**STORED DATA:**
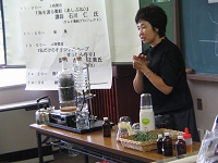 粘土みたいで楽しい作業に暴走はつきもの。バナナやトンボ、犬など、せっけんとしてつかったらすぐに崩れそうな力作を作る子供&大人が続出(でも誰もそれを止めないのがこの講座のよいところです)。 教室内はハーブ蒸留器から出るハーブの香りに包まれました。 手作業だけにみんなおおはしゃぎでオリジナルせっけん作りを楽しんでいました。
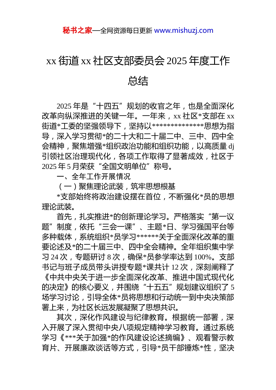 秘书之家—全网资源每日更新 www.mishuzj.comxx 街道 xx 社区支部委员会 2025 年度工作总结2025 年是“十四五”规划的收官之年,也是全面深化改革向纵深推进的关键一年。一年来,xx 社区*支部在 xx街道*工委的坚强领导下,坚持以**************思想为指导,深入学习贯彻*的二十大和二十届二中、三中、四中全会精神,聚焦增强*组织政治功能和组织功能,以高质量 dj引领社区治理现代化,各项工作取得了显著成效,社区于2025 年 5 月荣获“全国文明单位”称号。一、全年工作开展情况(一)聚焦理论武装,筑牢思想根基*支部始终将政治建设摆在首位,不断强化*员的思想理论武装。首先,扎实推进*的创新理论学习。严格落实“第一议题”制度,依托“三会一课”、主题*日、学习强国平台等多种载体,系统组织*员学习******关于全面深化改革的重要论述及*的二十届三中、四中全会精神。全年组织集中学习 24 次,专题研讨 8 次,确保*员参学率达到 100%。支部书记与班子成员带头讲授专题*课共计 12 次,深刻阐释了《中共中央关于进一步全面深化改革、推进中国式现代化的决定》的核心要义,并围绕“十五五”规划建议组织了 5场学习讨论,引导全体*员将思想和行动统一到中央决策部署上来,为社区长远发展凝聚了思想共识。其次,深化作风建设与纪律教育。根据统一部署,深入开展了深入贯彻中央八项规定精神学习教育。通过系统学习《***关于加强*的作风建设论述摘编》、观看警示教育片、开展廉政谈话等方式,引导*员干部锤炼*性,坚决秘书之家—全网资源每日更新 www.mishuzj.com整治形式主义、官僚主义等突出问题。学习教育期间,支部共查摆问题 12 项并已全部完成整改。同时,巩固拓展 zt教育和 dj 学习教育成果,建立常态化学习机制,全年组织《中国共产 dj 律处分条例》等*内法规专题学习 6 次,组织廉政谈话 36 人次,营造了风清气正的政治生态。(二)夯实组织基础,激发队伍活力*支部坚持强基固本,全面提升组织力和战斗力。其一,规范化开展组织生活。严格执行*支部工作条例,确保“三会一课”制度落实到位。全年召开支部*员大会 12次、支委会 24 次、*小组会 48 次,做到时间、人员、内容、效果“四落实”。年中,支部聚焦“四个带头”要求,高质量召开了专题组织生活会,严肃开展批评与自我批评。年底认真完成民主评议*员工作,评选出优秀*员 5 名,并对2 名评议结果为基本合格的*员进行了一对一帮扶教育,有效增强了*员队伍的先进性与纯洁性。其二,加强*员队伍建设与管理。遵循“控制总量、优化结构、提高质量、发挥作用”的总要求,严把*员发展“入口关”,全年发展预备*员 3 名,按期转正 2 名,确定入*积极分子 6 名,新发展*员平均年龄 32 岁,均为大专以上学历,队伍结构持续优化。围绕“四强”*支部创建目标,设立*员责任区和示范岗,全年评选出 8 个“共产*员示范岗”。同时,创新*员教育管理,探索并试行*员志愿服务积分制度,将*员参与志愿服务、组织生活等情况进行量化考核,并将积分结果与年度评优评先挂钩,有效激发了*员的先锋模范作用。其三,创新 dj 活动载体。围绕“争当改革排头兵”等主题,积极与兄弟单位*支部开展“同话改革、共促发展”等联学联建活动 4 次。组织*员赴革命纪念馆开展“重走红色足迹”实践活动 3 次,增强了*员的历史使命感。全年主题*日活动参与率稳定在 98%以上,组织生活吸引力显著提升。秘书之家—全网资源每日更新 www.mishuzj.com(三)深化 dj 引领,提升治理效能*支部坚持以 dj 引领社区各项事业发展,着力破解民生难题,提升居民幸福感。一是创新基层协商民主机制。持续深化“和睦红”dj品牌建设,充分发挥“红茶议事会”、“和睦议事港”等协商议事平台作用。据统计,“红茶议事会”近年来已累计召开超过 230 场,成功化解了包括老旧小区保笼拆除、停车位规划、环境整治等在内的 200 余个治理难题。在议事员队伍中,*员占比接近 48%,充分发挥了*员在社区协商中的骨干作用,推动了“民事民议、民事民办”的良好局面。二是聚焦民生实事项目攻坚。特别是在老旧小区改...
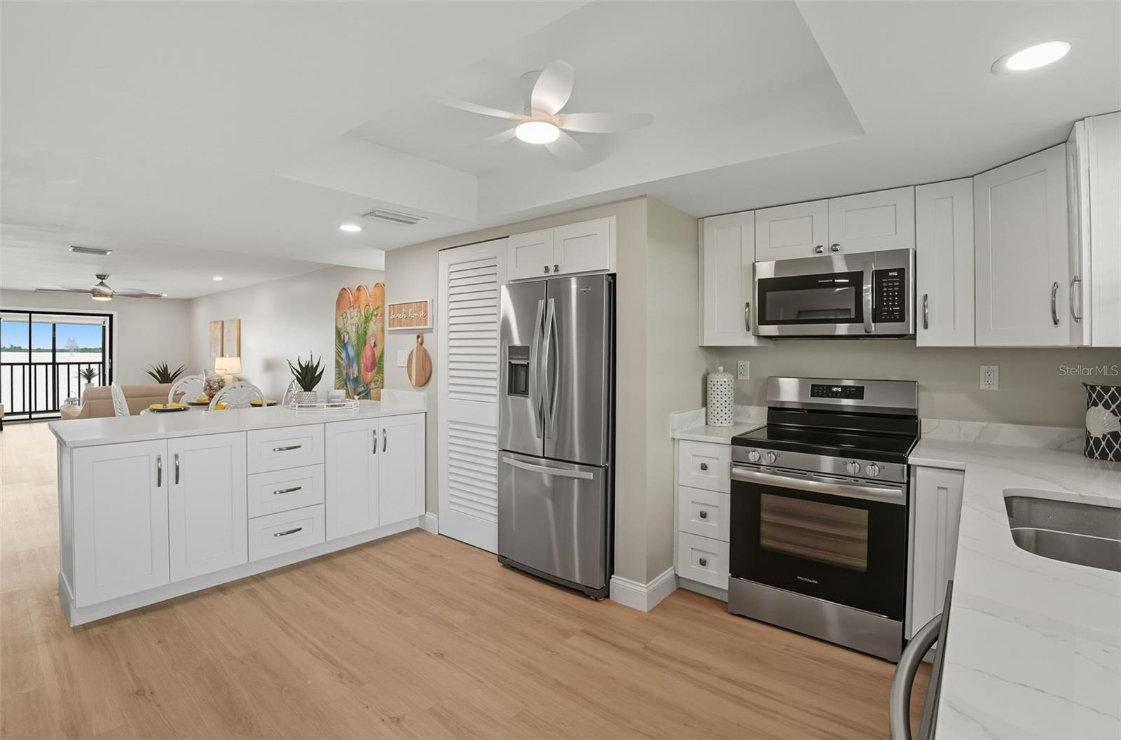 Condomínio deslumbrante à beira -mar com vistas de tirar o fôlego de Charlotte Harbor! Entre nessa residência completamente reformada e seja cativada pelas espetaculares vistas da água no momento em que você entra. Cada detalhe foi atualizado cuidadosamente, criando um retiro novo, moderno e de inspiração costeira. A cozinha reprojetada oferece um layout de conceito aberto com bancadas de quartzo, armários personalizados, utensílios de aço inoxidável e uma lavadora/secadora empilhável conveniente. O piso de tábua de vinil de luxo flui perfeitamente, adicionando estilo e durabilidade. A espaçosa suíte primária apresenta um banho de suíte com bancadas de mármore e acabamentos elegantes, enquanto o quarto de hóspedes desfruta de acesso direto ao segundo banho atualizado com bancadas de quartzo. Relaxe na varanda privada e aprecie as vistas deslumbrantes do porto - perfeitas para o café da manhã ou o pôr do sol à noite. Dois armários de armazenamento adicionam conveniência, enquanto atualizações recentes, incluindo um novo sistema Trane HVAC, novo aquecedor de água quente e o telhado de 2022 garantem a paz de espírito. Com seu piso plano aberto, acabamentos de alta qualidade e cenário imbatível à beira-mar, este condomínio é a mistura perfeita de conforto e estilo. Não perca esta oportunidade - Escreva sua exibição particular hoje!

**WORK TO COMPLETE:**
Print the data above exactly, minus pictures.

**EXPECTED ANSWER:**
 粘土みたいで楽しい作業に暴走はつきもの。バナナやトンボ、犬など、せっけんとしてつかったらすぐに崩れそうな力作を作る子供&大人が続出(でも誰もそれを止めないのがこの講座のよいところです)。 教室内はハーブ蒸留器から出るハーブの香りに包まれました。 手作業だけにみんなおおはしゃぎでオリジナルせっけん作りを楽しんでいました。
 秘书之家—全网资源每日更新 www.mishuzj.comxx 街道 xx 社区支部委员会 2025 年度工作总结2025 年是“十四五”规划的收官之年,也是全面深化改革向纵深推进的关键一年。一年来,xx 社区*支部在 xx街道*工委的坚强领导下,坚持以**************思想为指导,深入学习贯彻*的二十大和二十届二中、三中、四中全会精神,聚焦增强*组织政治功能和组织功能,以高质量 dj引领社区治理现代化,各项工作取得了显著成效,社区于2025 年 5 月荣获“全国文明单位”称号。一、全年工作开展情况(一)聚焦理论武装,筑牢思想根基*支部始终将政治建设摆在首位,不断强化*员的思想理论武装。首先,扎实推进*的创新理论学习。严格落实“第一议题”制度,依托“三会一课”、主题*日、学习强国平台等多种载体,系统组织*员学习******关于全面深化改革的重要论述及*的二十届三中、四中全会精神。全年组织集中学习 24 次,专题研讨 8 次,确保*员参学率达到 100%。支部书记与班子成员带头讲授专题*课共计 12 次,深刻阐释了《中共中央关于进一步全面深化改革、推进中国式现代化的决定》的核心要义,并围绕“十五五”规划建议组织了 5场学习讨论,引导全体*员将思想和行动统一到中央决策部署上来,为社区长远发展凝聚了思想共识。其次,深化作风建设与纪律教育。根据统一部署,深入开展了深入贯彻中央八项规定精神学习教育。通过系统学习《***关于加强*的作风建设论述摘编》、观看警示教育片、开展廉政谈话等方式,引导*员干部锤炼*性,坚决秘书之家—全网资源每日更新 www.mishuzj.com整治形式主义、官僚主义等突出问题。学习教育期间,支部共查摆问题 12 项并已全部完成整改。同时,巩固拓展 zt教育和 dj 学习教育成果,建立常态化学习机制,全年组织《中国共产 dj 律处分条例》等*内法规专题学习 6 次,组织廉政谈话 36 人次,营造了风清气正的政治生态。(二)夯实组织基础,激发队伍活力*支部坚持强基固本,全面提升组织力和战斗力。其一,规范化开展组织生活。严格执行*支部工作条例,确保“三会一课”制度落实到位。全年召开支部*员大会 12次、支委会 24 次、*小组会 48 次,做到时间、人员、内容、效果“四落实”。年中,支部聚焦“四个带头”要求,高质量召开了专题组织生活会,严肃开展批评与自我批评。年底认真完成民主评议*员工作,评选出优秀*员 5 名,并对2 名评议结果为基本合格的*员进行了一对一帮扶教育,有效增强了*员队伍的先进性与纯洁性。其二,加强*员队伍建设与管理。遵循“控制总量、优化结构、提高质量、发挥作用”的总要求,严把*员发展“入口关”,全年发展预备*员 3 名,按期转正 2 名,确定入*积极分子 6 名,新发展*员平均年龄 32 岁,均为大专以上学历,队伍结构持续优化。围绕“四强”*支部创建目标,设立*员责任区和示范岗,全年评选出 8 个“共产*员示范岗”。同时,创新*员教育管理,探索并试行*员志愿服务积分制度,将*员参与志愿服务、组织生活等情况进行量化考核,并将积分结果与年度评优评先挂钩,有效激发了*员的先锋模范作用。其三,创新 dj 活动载体。围绕“争当改革排头兵”等主题,积极与兄弟单位*支部开展“同话改革、共促发展”等联学联建活动 4 次。组织*员赴革命纪念馆开展“重走红色足迹”实践活动 3 次,增强了*员的历史使命感。全年主题*日活动参与率稳定在 98%以上,组织生活吸引力显著提升。秘书之家—全网资源每日更新 www.mishuzj.com(三)深化 dj 引领,提升治理效能*支部坚持以 dj 引领社区各项事业发展,着力破解民生难题,提升居民幸福感。一是创新基层协商民主机制。持续深化“和睦红”dj品牌建设,充分发挥“红茶议事会”、“和睦议事港”等协商议事平台作用。据统计,“红茶议事会”近年来已累计召开超过 230 场,成功化解了包括老旧小区保笼拆除、停车位规划、环境整治等在内的 200 余个治理难题。在议事员队伍中,*员占比接近 48%,充分发挥了*员在社区协商中的骨干作用,推动了“民事民议、民事民办”的良好局面。二是聚焦民生实事项目攻坚。特别是在老旧小区改...
 Condomínio deslumbrante à beira -mar com vistas de tirar o fôlego de Charlotte Harbor! Entre nessa residência completamente reformada e seja cativada pelas espetaculares vistas da água no momento em que você entra. Cada detalhe foi atualizado cuidadosamente, criando um retiro novo, moderno e de inspiração costeira. A cozinha reprojetada oferece um layout de conceito aberto com bancadas de quartzo, armários personalizados, utensílios de aço inoxidável e uma lavadora/secadora empilhável conveniente. O piso de tábua de vinil de luxo flui perfeitamente, adicionando estilo e durabilidade. A espaçosa suíte primária apresenta um banho de suíte com bancadas de mármore e acabamentos elegantes, enquanto o quarto de hóspedes desfruta de acesso direto ao segundo banho atualizado com bancadas de quartzo. Relaxe na varanda privada e aprecie as vistas deslumbrantes do porto - perfeitas para o café da manhã ou o pôr do sol à noite. Dois armários de armazenamento adicionam conveniência, enquanto atualizações recentes, incluindo um novo sistema Trane HVAC, novo aquecedor de água quente e o telhado de 2022 garantem a paz de espírito. Com seu piso plano aberto, acabamentos de alta qualidade e cenário imbatível à beira-mar, este condomínio é a mistura perfeita de conforto e estilo. Não perca esta oportunidade - Escreva sua exibição particular hoje!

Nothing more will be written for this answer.